Estinzione del giudizio di resa del conto per cessata materia del contendere (Corte dei Conti Sez. giur. Valle d’Aosta n. 26 del 29.10.2024)

Principi di diritto (Massima)
Nel giudizio per la resa del conto, avviato in forma monocratica ai sensi degli artt. 141 e ss. c.g.c., la fase collegiale è destinata esclusivamente a definire l’eventuale opposizione al decreto di fissazione del termine, di cui all’art. 142 c.g.c., sicché il giudizio medesimo deve essere definito con sentenza monocratica anche ai sensi dell’art. 144 c.g.c.. Quando il conto sia stato depositato anteriormente ai termini assegnati, il giudizio va dichiarato estinto per cessata materia del contendere, restando impregiudicate le valutazioni sulla regolarità del conto da parte del magistrato designato. Il provvedimento espresso che dichiari motivatamente l’estinzione deve assumere la forma della sentenza, non del decreto monocratico, che ai sensi dell’art. 41, comma 4, c.g.c. non richiederebbe motivazione.

Il Fatto

La Procura regionale ha promosso il giudizio per la resa del conto dell’agente contabile di un Comune, per l’esercizio finanziario 2021. Con decreto il giudice designato ha assegnato all’agente il termine perentorio per il deposito del conto all’Ente e a quest’ultimo il termine per il deposito presso la sezione giurisdizionale.

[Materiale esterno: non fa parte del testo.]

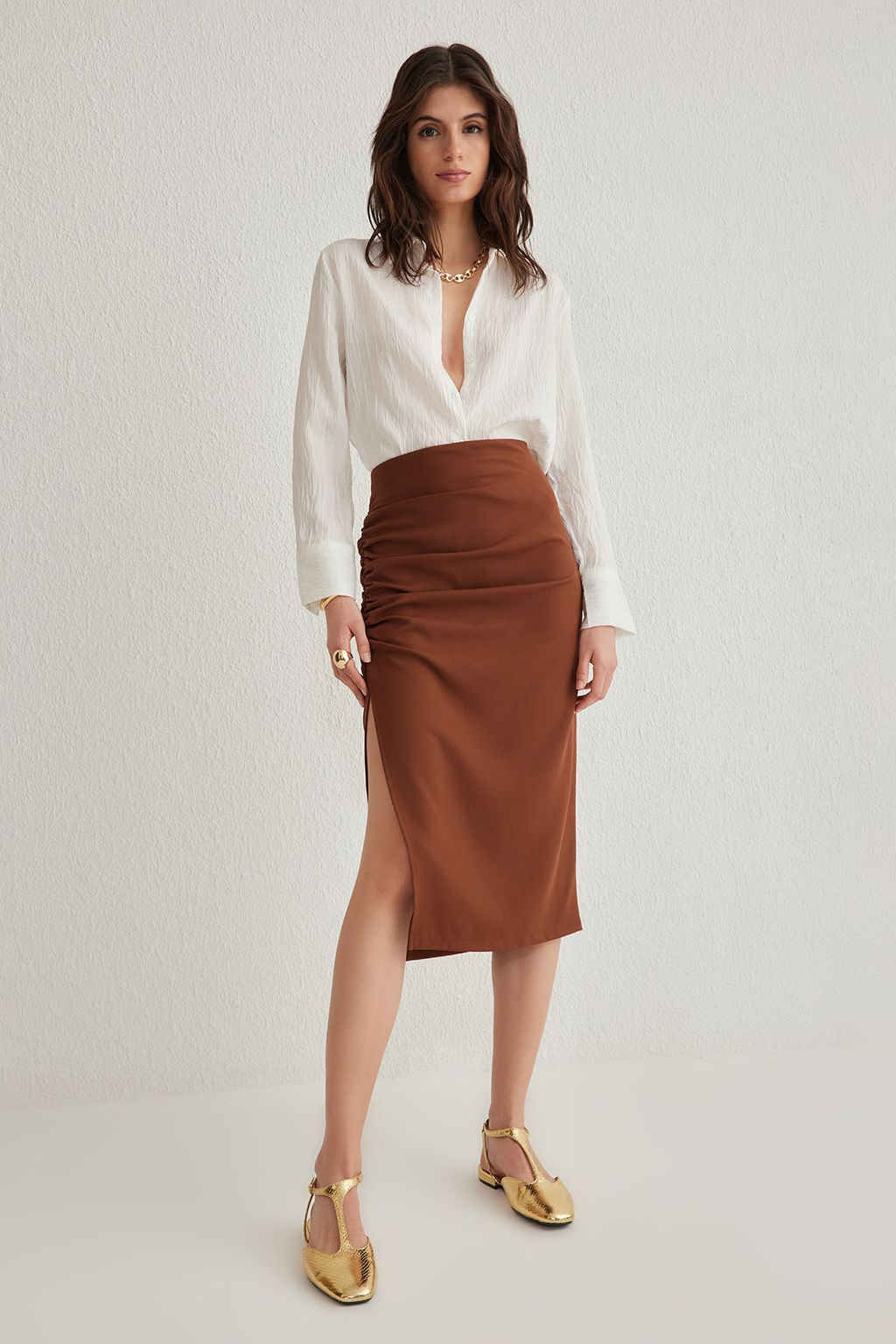TRENDYOLMILLA Koyu Kahverengi Buzgulu Y?rtmac Detayl? Kalem Fit Midi Dokuma Etek TWOSS20ET0045
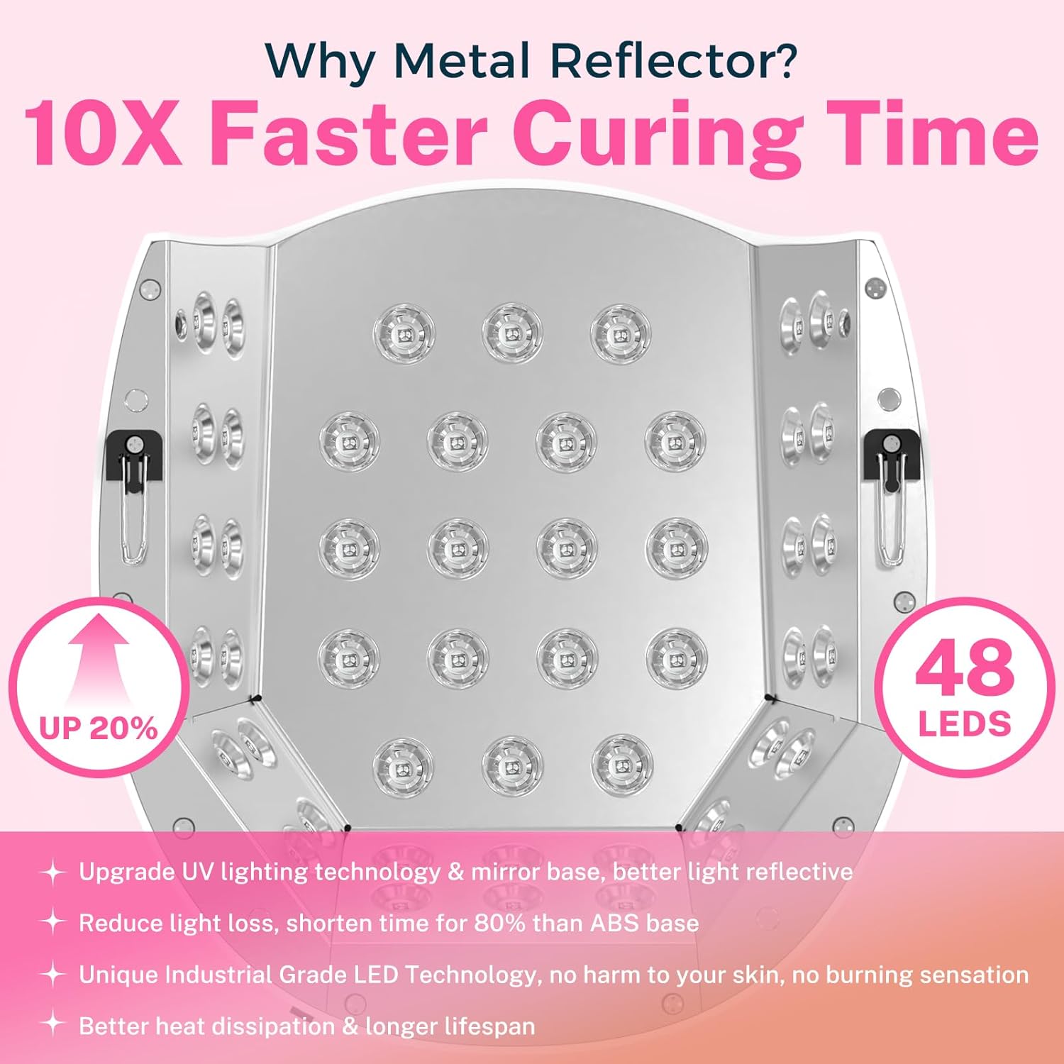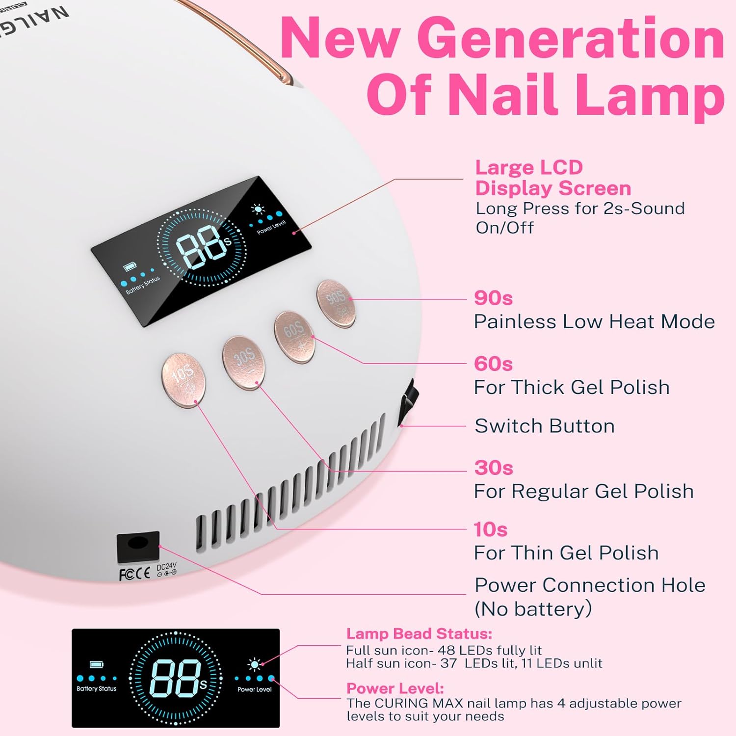 - Fast Curing Nail: UV LED nail lamp comes with 48pcs dual light source industrial grade lamp beads, saving time with its powerful LED technology designed for quick curing. Simulate ultraviolet sunlight shining from various directions, and the light is soft(365-405nm) and not glaring. This is nail lamp with the best drying effect among NAILGIRLS brand products, battery-free yet engineered to premium standards.

Nelle more del deposito e della notifica del decreto, il Comune ha provveduto al deposito dei conti. La Procura ha quindi depositato istanza per la fissazione dell’udienza, ai fini della definizione del giudizio. All’udienza il Pubblico Ministero ha concluso chiedendo di dichiarare il non luogo a provvedere, essendo l’obbligo adempiuto per intero, anziché l’estinzione per cessazione della materia del contendere.

La Motivazione della Corte

Il giudice affronta anzitutto una questione di forma del provvedimento. Una volta avviato il giudizio per resa del conto in forma monocratica ai sensi degli artt. 141 e ss. c.g.c., il medesimo giudizio deve essere definito con sentenza anch’essa monocratica, anche ai sensi dell’art. 144 c.g.c.. La fase collegiale resta destinata esclusivamente a definire l’eventuale opposizione al decreto di fissazione del termine ai sensi dell’art. 142 c.g.c..

Il giudice richiama sul punto alcune pronunce conformi delle sezioni giurisdizionali per la Lombardia e per la Puglia, che hanno aderito alla medesima ricostruzione.

Quanto alla tipologia del provvedimento, poiché la diversa forma del decreto monocratico, ai sensi dell’art. 41, comma 4, c.g.c., non richiederebbe motivazione, il giudice ritiene di aderire alla tesi per cui il provvedimento espresso che dichiari motivatamente l’estinzione del giudizio per resa del conto debba essere costituito dalla sentenza. Anche in questo caso il giudice indica alcune decisioni recenti delle sezioni giurisdizionali per la Lombardia, la Basilicata, la Liguria e il Veneto, che hanno seguito lo stesso indirizzo.

Nel merito, risultando che i conti dell’agente contabile siano stati depositati anteriormente ai termini assegnati e che il Pubblico Ministero abbia chiesto la fissazione dell’udienza, il giudice perviene alla definizione del giudizio con pronuncia di estinzione per cessata materia del contendere. Restano impregiudicate le valutazioni sulla regolarità del conto da parte del magistrato designato, nell’ambito di quanto previsto dagli artt. 145 e ss. c.g.c.. Non vi è luogo a pronuncia sulle spese.

Nota della Redazione

Ogni decisione citata è verificata sul provvedimento originale. Quando il documento può essere legittimamente ripubblicato senza esporre dati personali, mettiamo a disposizione anche il testo integrale.